As May 29 is International Day of UN Peacekeepers, it is an optimal moment to reflect on the work we support by peacekeeping missions, perhaps the best known symbol of the international community's efforts for peace. As the UN has noted today, since the first UN peacekeeping mission was established in 1948, more than 2,990 military, police, and civilian personnel have lost their lives serving in these missions. Certainly we see the challenge today, as missions try to address fresh violence in Syria, Sudan, and the eastern Congo. What is this about?
Like anyone who has visited some of the more than 100,000 people worldwide who serve in UN missions, I am struck by the effort involved. Civilians, police, and military personnel wake up every morning to try to do their job, whether it's implementing the rule of law in eastern Congo, monitoring violence in Syria, working on disarmament of former fighters in Cote d'Ivoire, or trying to rebuild from rubble in Haiti.

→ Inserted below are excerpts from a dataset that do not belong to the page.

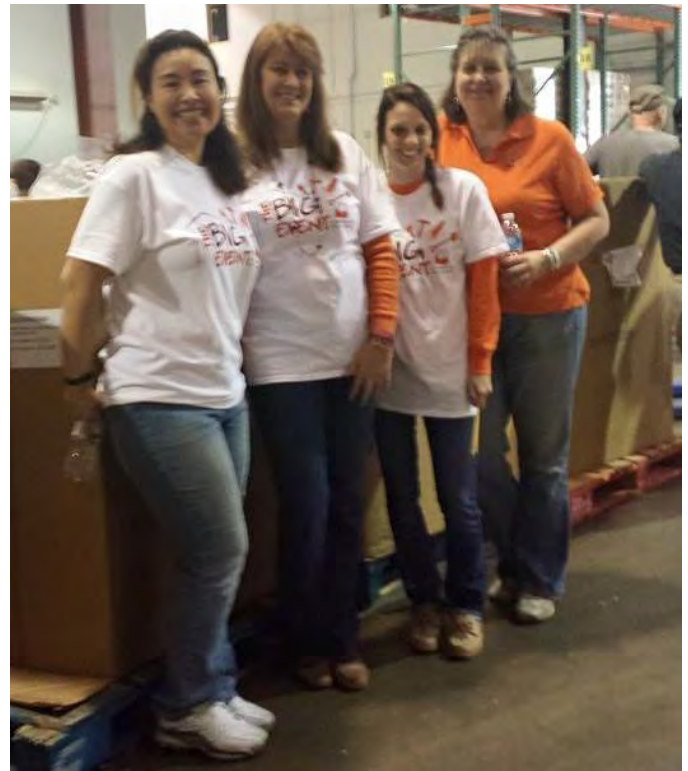
The Fredericksburg Chapter participated in a service project at the Fredericksburg Area Food Bank
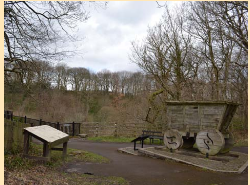
Wooden wagons, such as this one at Causey Arch, were pulled by horses and used for transporting coal, particularly during the 18th Century.
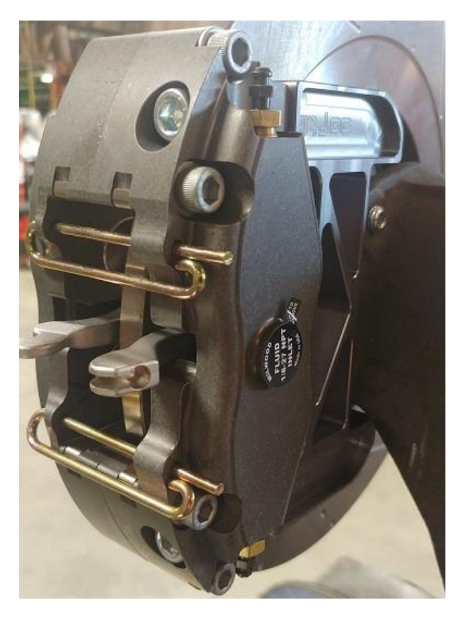
Slide the caliper over the rotor and install the two 3/8 shank bolts through the caliper and into the bracket and tighten to 35 ft/lbs.
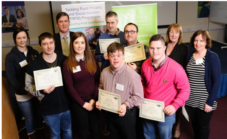
SoFarm participants receiving their achievement certificates
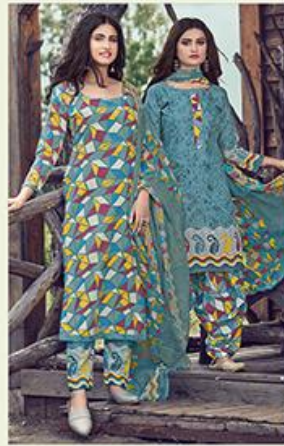
•• D.NO \ 1607
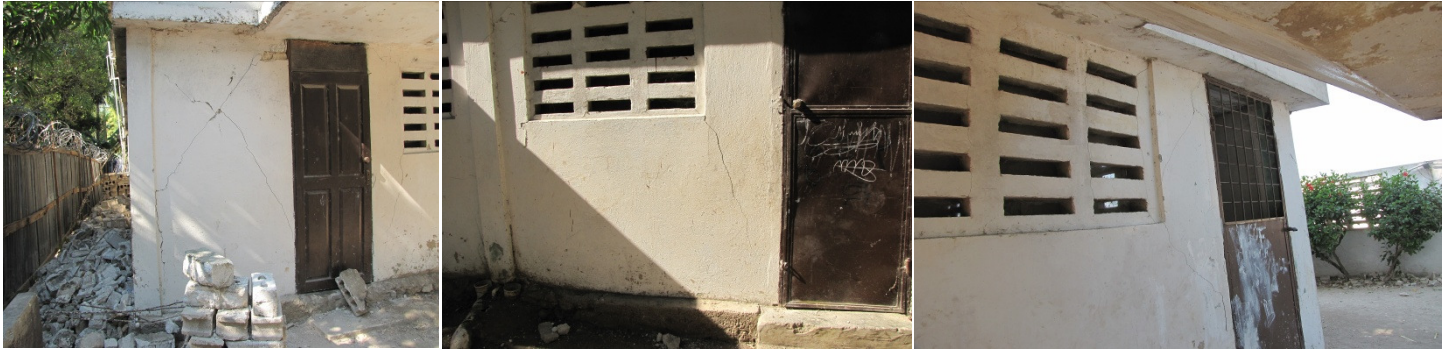
The east end of the main administration building which also houses the boys' home, the guest rooms, and the food storage depots had extensive damage. There was major damage was to the lower wall which is the supporting wall for the second floor. Taken March 2010.

By the time you receive this newsletter, it will be approximately eight months since the earthquake hit Haiti. Many of you have responded so generously to the rebuilding fund. This issue will give you a pictorial report of how you have blessed the children and staff of COPI Haiti and to thank you for your faithfulness. The Lord says in Philippians 4:19: And my God shall supply all your need according to His riches in glory by Christ Jesus. He gave us help when as humans we were overwhelmed by the need. To all of you, you are a blessing. In addition, we were able to take a team of workers for the first time in nearly four years. What joy filled our hearts to interact with the children on your behalf.
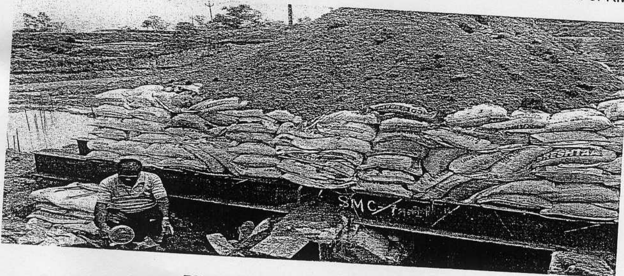
Pile Load Test at CD-40 is in progress
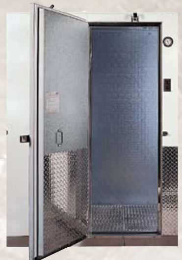
Optional heavy-duty kick plate
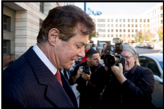
Paul Manafort, an American lobbyist, political consultant, and former campaign manager of President Donald Trump.
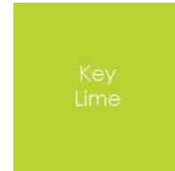
Gina K Designs - Cardstock - Key Lime
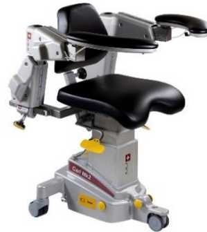
Carl Mk2 R8 Electric chair Electric brake
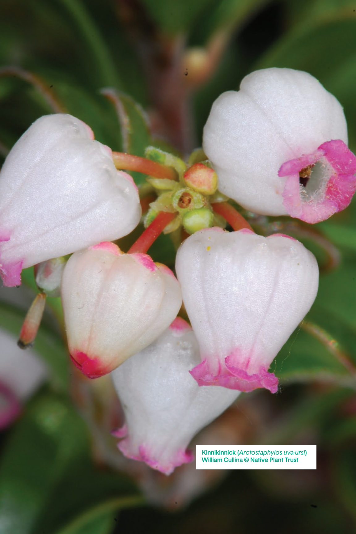
Kinnikinnick ( Arctostaphylos uva-ursi ) William Cullina © Native Plant Trust
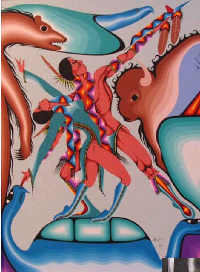
Ovid Charlette, Compaction of Reflections Wild Life are Representatives of Subjects , acrylic on canvas board
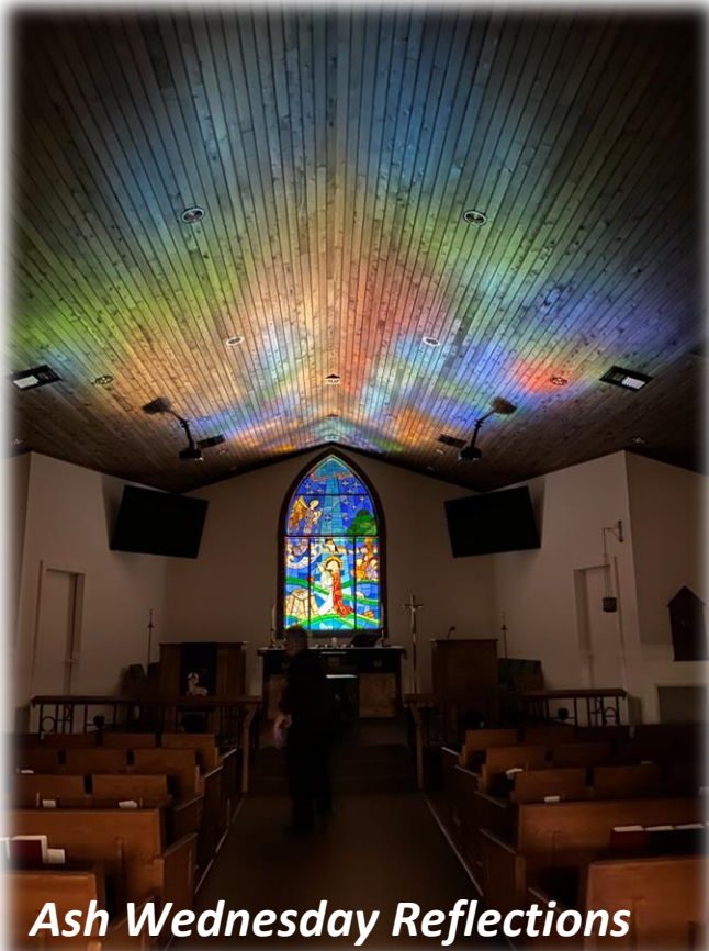
Ash Wednesday Reflections
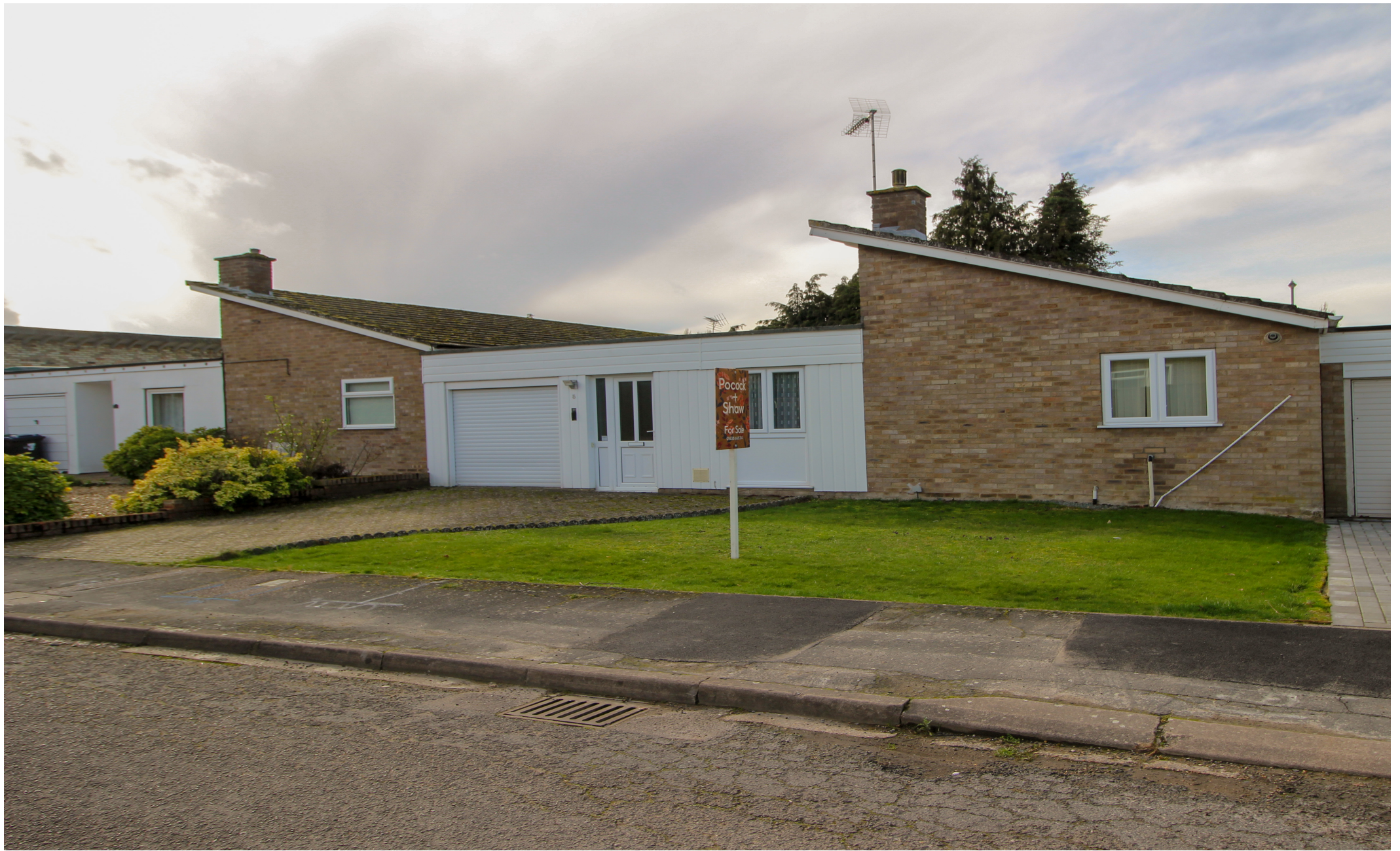
Parsonage Close, Burwell
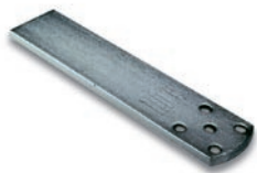
PLA6 rear bracket 250 mm long Pc/Pack. 1
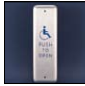
10PBJ1 - Text and Logo
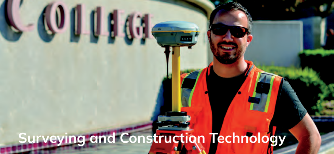
Surveying and Construction Technology

With other members of the UN Security Council, we have asked these people from over 100 countries to come to do their best.
When you look at a number of the conflicts around the world, you see that it's a small number of countries -- a very narrow space -- where peacekeepers are sent. There are dozens of countries around the world that suffer at some point from political instability. There are others at war. But peacekeepers go into places in between, where the parties to a political agreement are close enough, and that there is come peace to keep, that they can make a difference. At the same time, the risks are high enough that a UN mission is needed to help support that political process and provide a road to manage a post conflict environment, rather than a renewal of conflict.
So by the nature of the missiosn, it's a risky business. Peacekeeping is fundamentally a gamble, and those who deploy know it. There's enough chance that the political parties will not be meeting at a table, that they can take up arms again or that the support that's provided will be insufficient. But where peacekeeping can succeed, it is one of the best investments to secure peace and political stability.
For that willingness to take a risk, we recognize and thank UN peacekeepers, give them credit for taking on such challenging tasks.